'Footsteps' presents serious issues, plants seeds of hope
DEVIN HEILMAN/dheilman@cdapress.com | Hagadone News Network | UPDATED 9 years, 10 months AGO
COEUR d'ALENE - Israel Nehemiah Musonda is personally connected to one of the issues featured this week in the fourth annual "Footsteps: A Journey of Many" interactive exhibit at North Idaho College.
As a native-born Zambian, the reality of African children being orphaned by HIV and AIDS hits home. Musonda's mom opened an orphanage in Zambia 15 years ago in an effort to provide hope, relief and love to little children who otherwise have nothing.
"She tries to get there twice a year, like during Christmastime and springtime, because she wants to spend time with the kids," Musonda said Thursday afternoon. "They call her Santa Claus, and to see her is like, 'Mama's back.' They also call her 'Mama.'"
The Footsteps exhibit brings people on a guided tour through a dimly lit room sectioned into intimate, walk-through exhibits. Many who go through have emotional experiences while learning about deeply troubling problems that exist in the world and in their own backyards. At the end of Footsteps is the Room of Hope, where trained counselors have conversations with those who have completed the tour. Footsteps began Tuesday and ended Thursday.
NIC's International Student Club created the African orphan exhibit, which presented information through photos, visual aids such as dirty, ragged children's clothing on a table as well as a heartrending video. Musonda, who serves as the club's vice president, narrated part of the video with his own story.
"I feel like we have the responsibility to share that with our students and also this community, for them to be aware," the 28-year-old psychology student said. "It's not all rainbows and sunshine. But there is hope."
He said a big inspiration for the exhibit was "definitely knowing that there's more work to be done, bring awareness to Idaho."
"It's not really diverse," he said. "But also, us being African, or Zambian, I feel like it's our responsibility to share and to also show our story."
Footsteps included an interactive homelessness exhibit presented by NIC's TRiO Club, a haunting sex-trafficking exhibit organized by the philosophy club and an exhibit about discrimination presented by NIC's Gender and Sexuality Alliance. The discrimination exhibit was set up like an office, but in the family photos posted around the room, the faces of significant others were blurred.
"We've been, as a club, really passionate about this whole 'Add the Words' project, so we thought about a picture on a desk," said GSA treasurer August Nelson, 19, of Coeur d'Alene. "You would put a picture of you and your spouse on a desk. What if we blurred out their face so you couldn't tell if they were male or female?"
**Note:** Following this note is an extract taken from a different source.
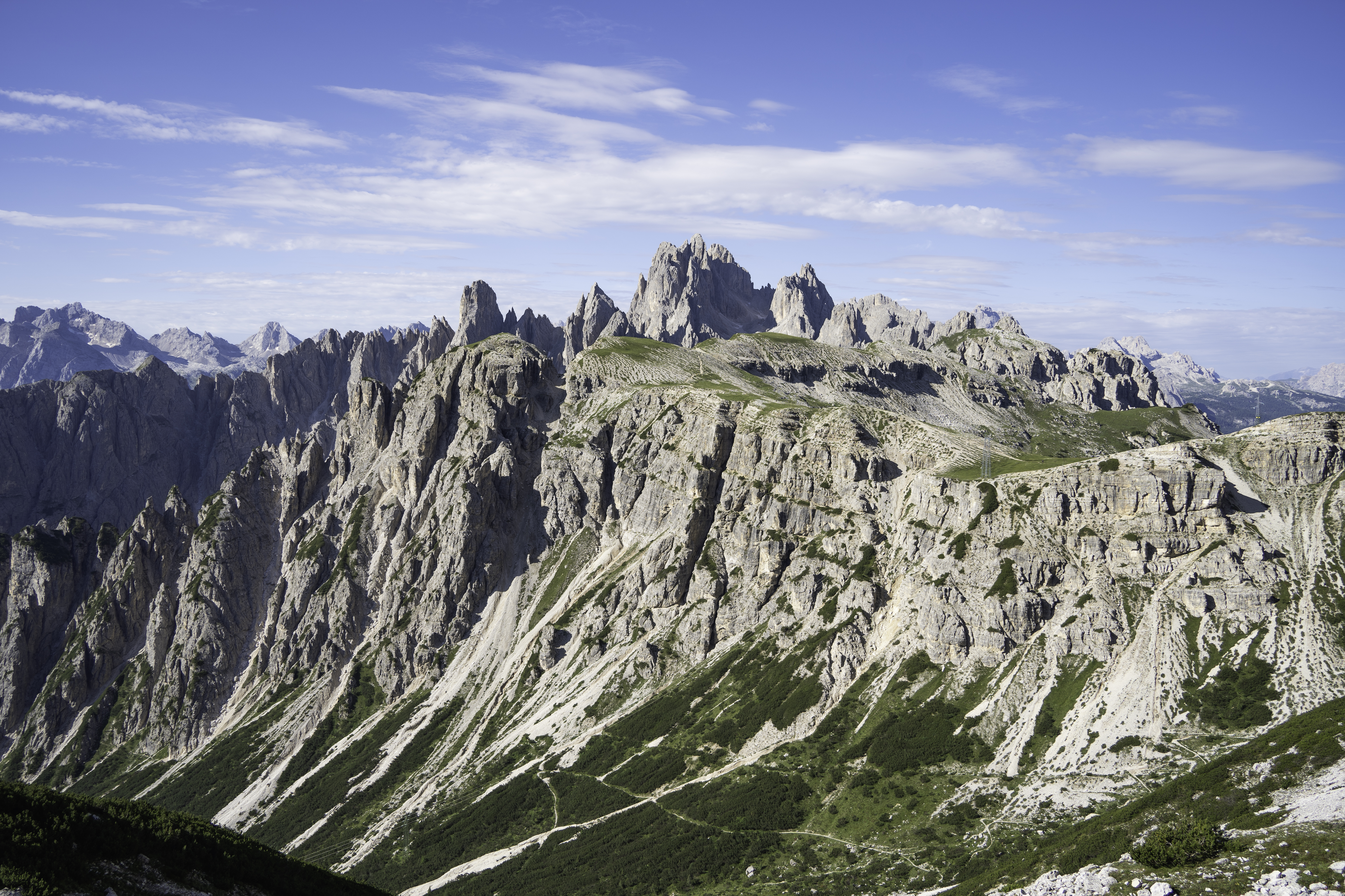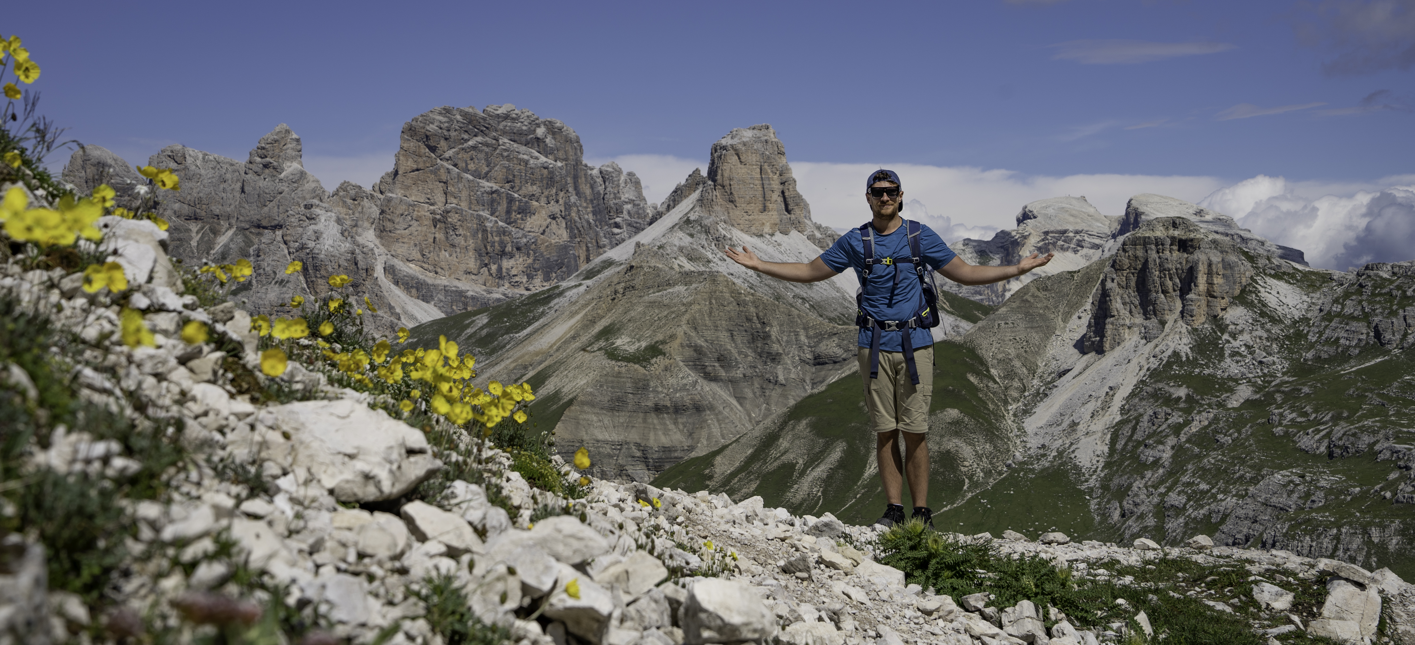 The Tre Cime Lavarado loop is one of the most popular hikes to do in this area, and for good reason. It is breath-taking at every turn. The loop is 10kms round trip and circumnavigates the three colossal pinnacles that gives Tre Cime its name. Two things we found out about it before beginning was that it would only take about 3 hours, and that it was mostly flat. Uh-huh, yeah right. I disagree on both counts. First of all, the hike was so gorgeous, that it’s impossible to not take photos every few minutes. This makes the time add up quickly. Secondly, while the hike does indeed begin flat, it does not remain so for the second half of the loop. In our opinion, this was a moderate hike that was quite a struggle at times because of how steep some of the inclines were. One stretch from the bottom of a valley back up to the parking lot area was so steep, I resorted to a trick I do when the task in front of me seems impossible: I counted steps. Make it 50 steps without stopping and then take a break for a minute. Repeat. Go further if you can, stop earlier if you must, but always aim for around 50 steps at a time. Even Callum admitted that this part of the hike was not flat, and that it shouldn’t be labelled ‘easy’ as that is quite misleading for the less adventurous.

She said it was a "big deal" for the exhibit to educate students about the 'Add the Words' movement, which calls for the words "sexual orientation" and "gender identity" to be added to Idaho's existing Human Rights Act.
"There are so many people who live in Idaho who don't know that people can get fired for being gay or can get denied housing for being gay or transgender," she said.
Footsteps participant and student Kate Ness, 26, of Coeur d'Alene, was one of those people.
"I was shocked that someone could get fired over that," Ness said. "That was gut-wrenching for me. That was a reactionary shock."
Marisa Nunez, 24, of Sandpoint, went through Footsteps for her first time Wednesday. She said it was an "eye-opening" experience, especially as the mother of a young boy.
"I wasn't aware that Seattle was No. 6 in sex trafficking, and that's so close," she said. "I imagine they get most of it through their ports, but if somebody came over into Coeur d'Alene, we have a lot of good-looking people over here, and just snatching somebody up and taking them over there - God knows if they'd ever be seen again."
She said she would definitely recommend others to experience Footsteps because it will help them realize what's happening in the world around them.
"We're just so unaware," she said. "If nobody knows anything, then there's really nothing that's going to get done."
Assistant director of student development, Heather Erikson, estimated about 200 people went through Footsteps, which changes each year but always focuses on oppression and social injustice.
"Each of the exhibits has a specific message, but then they also highlight just what it is like to be in somebody else's shoes, or walk in their footsteps," she said. "Diversity is one of our core values, and also community engagement. This exhibit touches on both of those core values.
"I think it's incredibly important for people, not just students, to take a moment to look at other people's lives and to empathize with situations that they're not familiar with."